During the First World War, people were no longer interested in watching performances – they wanted to see real footage of the war. The battle of the Somme for example, was filmed and shown at theatres in Glasgow.

When soldiers returned traumatised, missing limbs and permanently disfigured, freak shows became taboo, politically incorrect and a thing of the past.

By 1938, 130 cinemas were competing for business in Glasgow, and even thought the Britannia had been one of the first to show the moving picture, it simply could no longer survive.

Art deco cinemas in Glasgow replaced older forms of entertainment in the city.

After entertaining Glasgow for 81 years, the Panopticon closed its doors and was taken over by a tailor business. They blocked off the upper balcony of the music hall, and in doing so, helped to preserve all that was there until it was revisited in the 1990s.

“It remained exactly how it had been when the last audience had been there in the 1930s,” said Ms Bowers. “There was even a newspaper left by workmen who put up the blocking, discussing the rise of the Nazis. It was like a time capsule.
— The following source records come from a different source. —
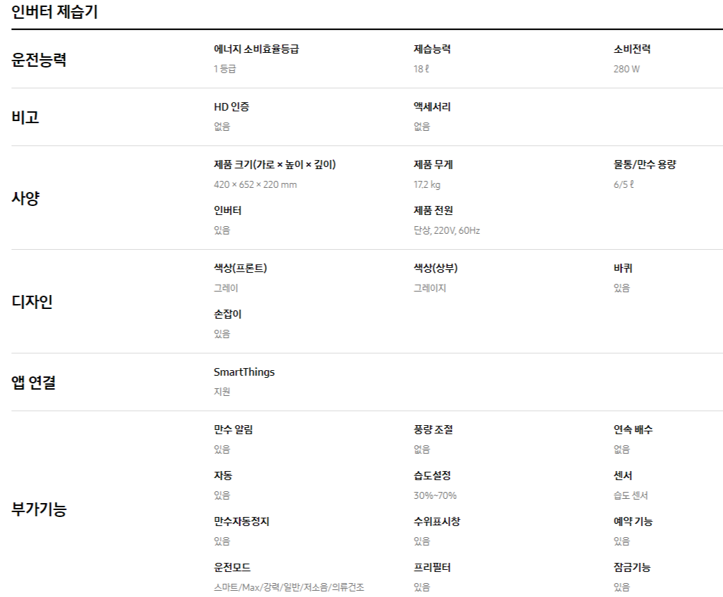 스마트싱스(SmartThings) 앱 연동으로 바쁜 워킹맘에게 편리한 기능을 제공하며 무소음 기능과 공기 청정 필터 장착으로 제습기 외에 공기 청정기능도 겸할 수 있어 아이가 있는 집에 추천드리고 싶습니다.
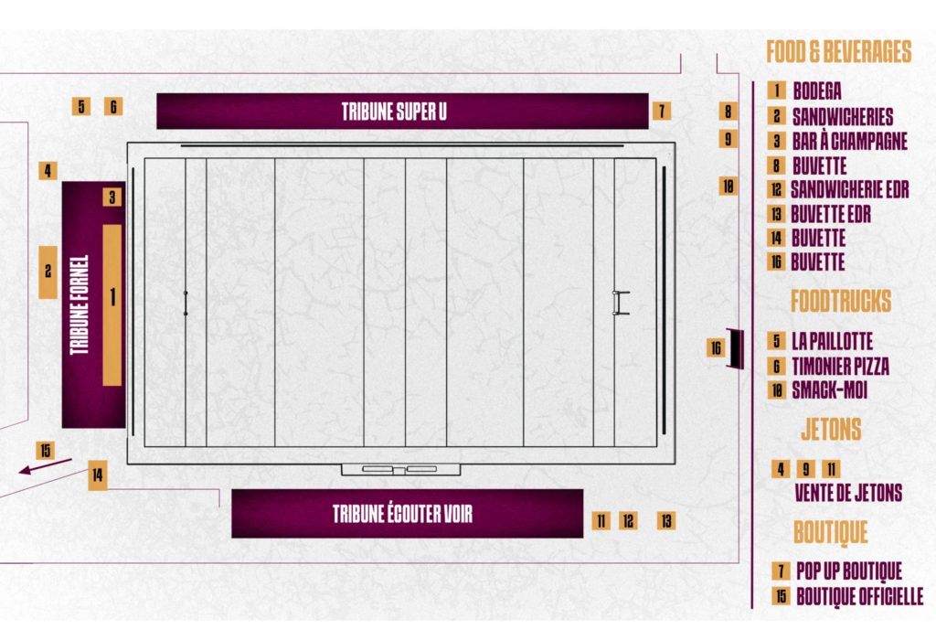 - Pour le personnel de match et les bénévoles, à l’entrée portant ce même nom sur le plan ci-dessus.
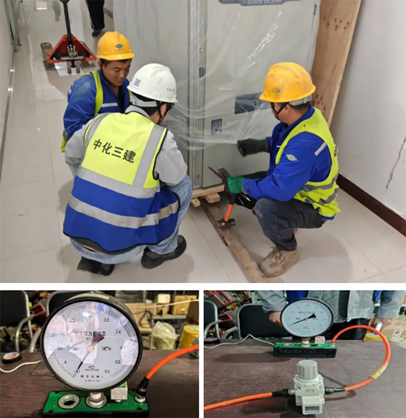 中化学内蒙新材煤制乙二醇项目有6套汽轮机组,机组自带的60台绝压表在机组试车前,需进行拆除校验。由于该绝压表多年未使用,增加了调试工作量。为了保证调试质量和试车进度,专业江南(中国)决定采用“仪表校验真空发生装置”,对绝压表进行校验。“仪表校验真空发生装置”是通过尼龙管、管件将过滤器减压阀、定值器、真空发生器、被校表和标准表有序连接起来,通过调节定值器,输出给真空发生器,使真空发生器吸气口吸力发生变化,用以实现符合仪表校验要求的真空压力值,实现符合仪表校验要求的真空压力值。
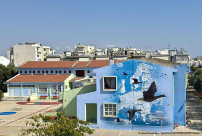 Δύο εντυπωσιακές τοιχογραφίες με το πιο απειλούμενο υδρόβιο πουλί της Ευρώπης, κοσμούν πλέον τους τοίχους των σχο...
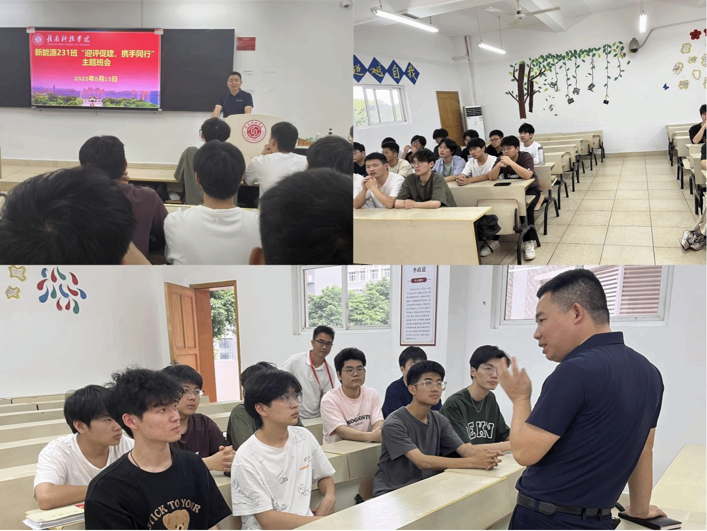 辅导员和班主任就学习学业、劳动教育、生命教育、宿舍管理等内容与同学们深入交流。班会结束后,杨智勇还召集班级员工干部进一步交流,希望班干部发挥模范带头作用,主动学习评估知识,带领同学遵守纪律,优化学风,凝聚班级力量,以高度责任感组织参与评估活动,为公司迎评贡献集体智慧。
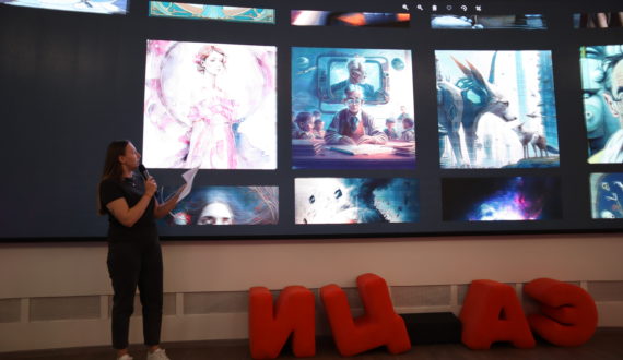 В память о мероприятии каждый желающий смог сгенерировать свою уникальную картинку с помощью нейросети. Результаты интерактива будут опубликованы в группе ИЦАЭ Нижнего Новгорода во ВКонтакте.
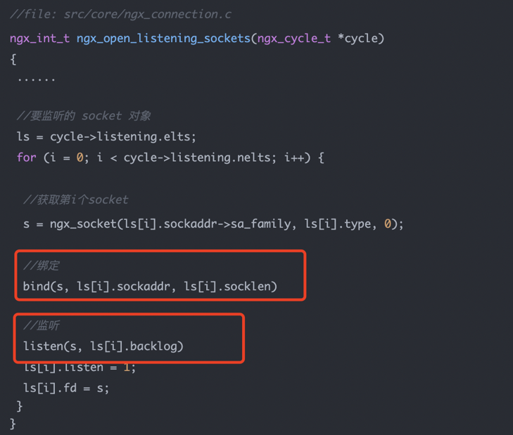 接着遍历所有listen的socket,并设置回调函数,执行epoll_ctl
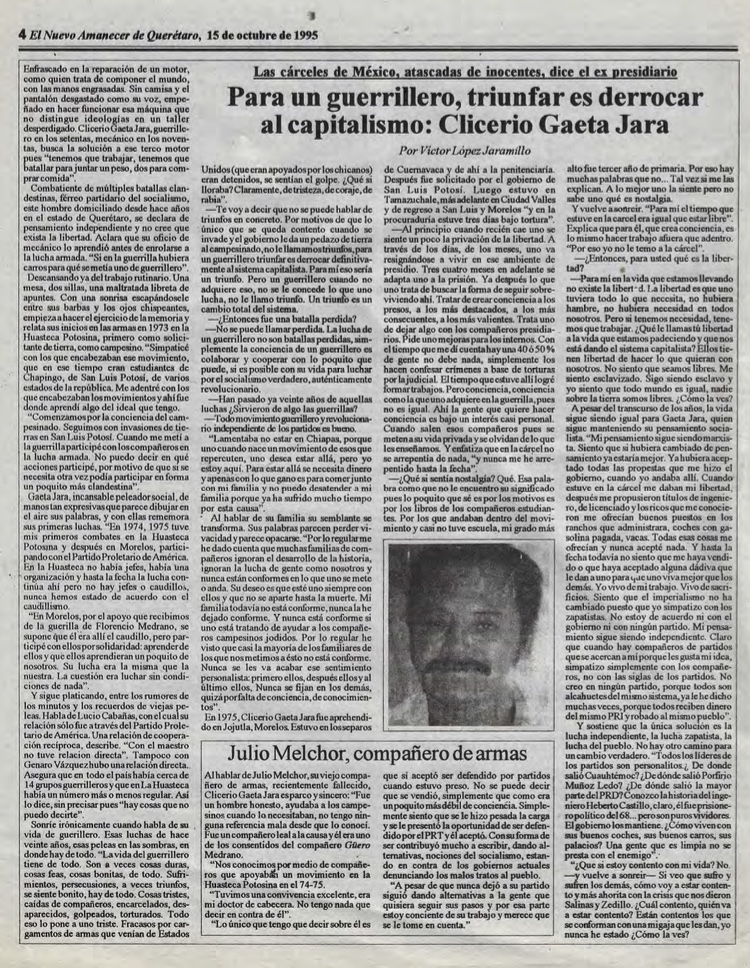 En 1975, Clicerio Gaeta Jara fue aprehendido en Jojutla, Morelos Estuvo en los separos de Cuernavaca y de ahí a la penitenciaría. Después fue solicitado por el gobierno de San Luis Potosí. Luego estuvo en Tamazuchale, más adelante en Ciudad Valles y de regreso a San Luis y Morelos “y en la procuraduría estuve tres días bajo tortura”.
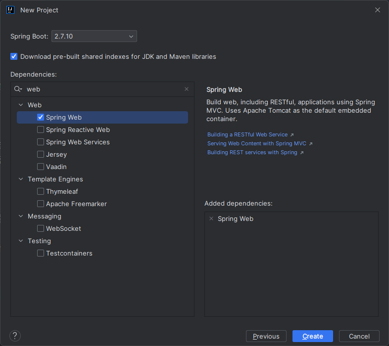 Spring Boot 버전은 2.7.10, 의존성은 Spring Web만 추가하고 Create를 눌러 완료합니다.
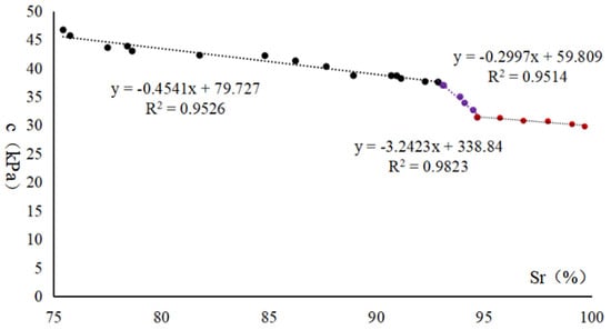 At the landslide site, undisturbed soil samples of shallow expansive soil (main failure layer) are taken through boreholes. The moisture content is measured by the drying method, and the internal friction angle and cohesion c of expansive soil sample is measured by the direct rapid shear test. The relationship between the cohesion c value of the undisturbed sample of the expansive soil and the saturation, Sr, can be obtained by converting the water content into saturation, as shown in the following Figure 1.

“3000 objects have been catalogued and found, from sweetheart brooches from the Boer War, and First World War to wedding bands made out of copper pennies, tram tickets, baby’s bibs, and over 300 men’s fly buttons from the time prostitutes would frequent the hall.”

Today Ms Bowers and a team of dedicated volunteers are working to preserve and conserve the building.

A large programme of events are available including shows, films and a museum of music hall history, ensuring the colourful history of the Britannia is kept alive.